John Carter is a Seventh-day Adventist Christian evangelist known especially for his work in the former Soviet Union. His presentation is known as the "Carter Report", and he is a somewhat known figure within the Adventist church. He is married to Beverley L. Carter.

Biography 
John Carter was born in Australia. His first mission was in Albury, NSW around 1976 after a local TV advertising campaign that saw some 1500 people attend at the Albury Civic Center. He ran a mission in Melbourne in 1980. In 1989, the Carter Report television studio in Newbury Park, California was dedicated.

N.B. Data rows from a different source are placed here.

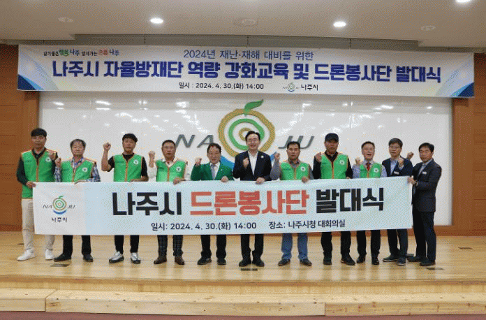 나주시 드론 봉사단은 자율방재단원 중 드론 자격증을 보유한 재능기부자 9명이 재난재해 및 축제 현장 등에서 드론을 이용해 안전, 환경보호, 화재예방, 유해환경 감시 등에 적극 나설 계획이다.
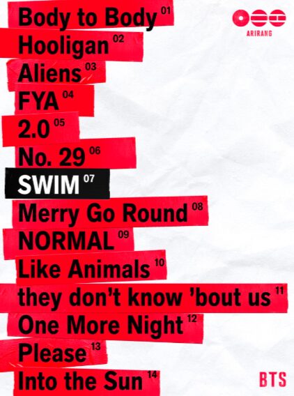 BTS (방탄소년단) 'ARIRANG' Tracklist#BTS #방탄소년단#BTS_ARIRANG #BTS_SWIM pic.twitter.com/ccFfacDLbC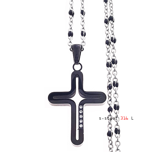 Με όμορφο φινίρισμα και στυλ που ξεχωρίζει .! μαυρος Σταυρός με λευκες πετρες , και αλυσίδα με μπιλιες σμάλτο μαυρο . Η καδένα εχει μηκος 60 εκ και ο Σταυρός μας διαστάσεις 3,1 χ 2,1 χωρίς τ κρικο .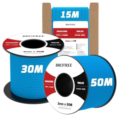 ✅【100% Nylon】The paracord 2mm has a 3 strands inner core and a 16 strands compact outer sheath design, each inner strand is braided with 3 twisted nylon fibers. Made of 100% nylon, this tactical cord can support up to 90kg (198lbs) of weight. ✅【Exceptional Performance】This nylon rope is resistant to UV, mildew, corrosion, fading, abrasion and common chemicals, so it can maintain stable performance in extreme temperature conditions. Unlike other cheap paracord, nylon rope does not emit an unpleasant odour. ✅【Diverse Options】The 30/50m paracord comes on a spool that is designed for ease of portability, storage and to avoid tangling. The cord is available in different colors and can be paired with different styles for various outdoor and handmade activities. ✅【Easy Cutting & Usage】The length can be easily adjusted as needed and it is recommended that a high temperature blade is used or the tape is wrapped before cutting. Seal the edge by burning this parachute cord with a lighter and pressing it for a smooth, flat finish to prevent a loose end. ✅【Versatile Applications】Flexible and easy to knot, the utility rope is widely used for camping, fishing, survival, crafting, hiking. It also serves well for making paracord projects like bracelets, dog collar, wrapping hatchets, knives and more. NOT FOR CLIMBING USE!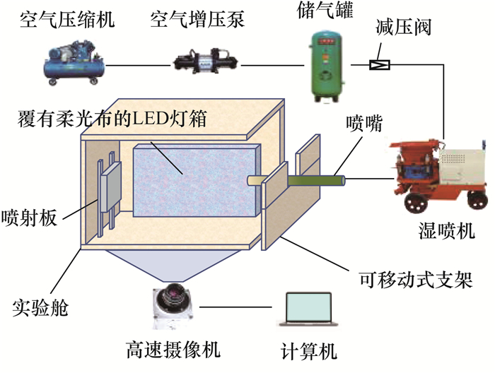 1 实验材料与方法 1.1 实验平台搭建喷射射流多维测试平台由混凝土湿喷机、供气系统、实验舱和拍摄系统构成。其中,供气系统由空气压缩机、空气增压泵、储气罐和减压阀组成,拍摄系统由高速摄像机和计算机组成。实验舱内设有喷射板、覆有柔光布的LED灯箱和可移动式支架,如图 1所示。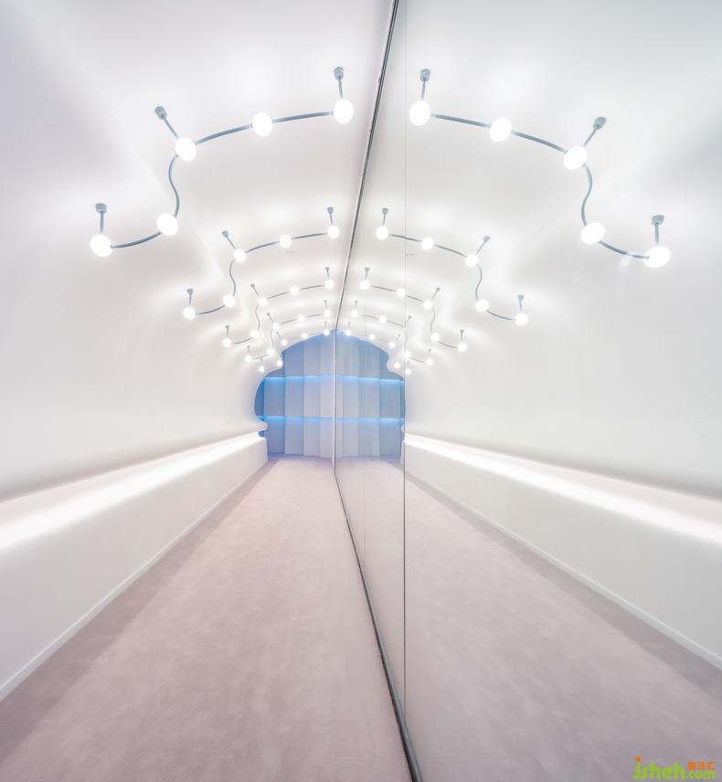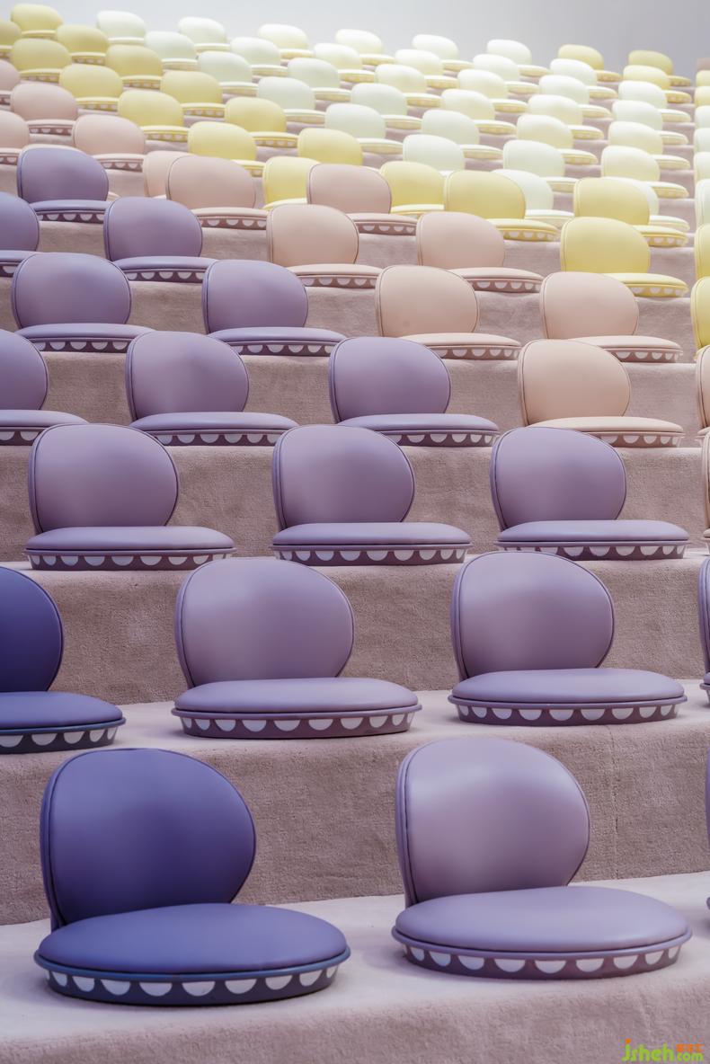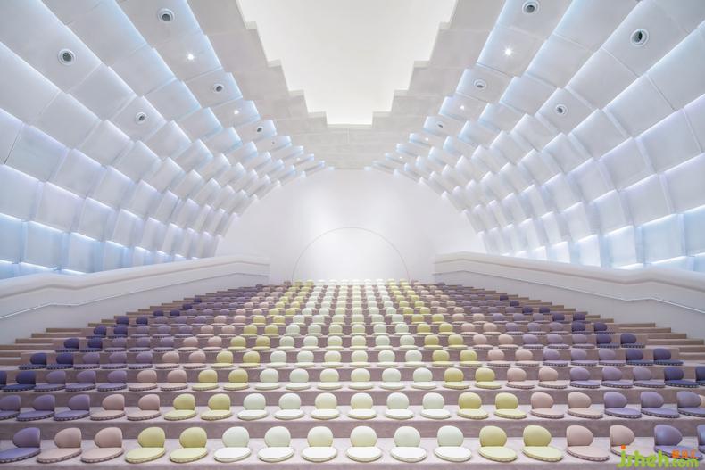 童話的質(zhì)感與色彩在禮堂內(nèi)愈加濃郁,球形的吊頂與白色的背景烘托了禮堂莊重圣潔的質(zhì)感,點亮場內(nèi)的背景燈,漸變色的座椅與燈光暈染出動人的霞光,讓整個空間顯得靈動柔美。孩子們仿佛在綻放的花蕊中,像一只只靈巧漂亮的小蝴蝶。

Work in Communist Countries 
A 1990 crusade was attended by thousands of people. In 1991 a small mission was held in Moscow, the capital of the formerly Communist country of Russia. 100 people were baptized and joined the church. In 1992, 2500 were baptized in an outreach in the city of Nizhny Novgorod. Meetings there in the following year brought in 1200 people to the Adventist church. Another series in 1994 saw 8000 conversions to Christianity. Later, 1300 joined the Adventist church through his work. In 1995, he ran meetings in Ukraine's capital Kyiv. 52,000 attended, and 2819 joined the Adventist church. There were city officials that harassed attenders at that evangelistic meeting.

Other Outreach Work 

A Los Angeles, California campaign in 1999 saw 100 people join the church. In 1998, the former First Secretary of the local Communist Party of the Nizhny Novgorod was converted through Carter's ministry. Another series in Ukraine in 2001 was attended by 25,000 at its opening.

The Carter Report 
In 1996, the Carter Report won two Silver Angel Awards from Excellence In Media. The Tenth Carter Report occurred in 2002.

See also 
 Media ministries of the Seventh-day Adventist Church

References 
 John Carter: The Authorised Biography by Phil Ward (Victoria, Australia: Signs, 2006);

External links 
 The Carter Report official website
 Articles by Carter, about Carter, and about the Carter Report as cataloged in the Seventh-day Adventist Periodical Index (SDAPI)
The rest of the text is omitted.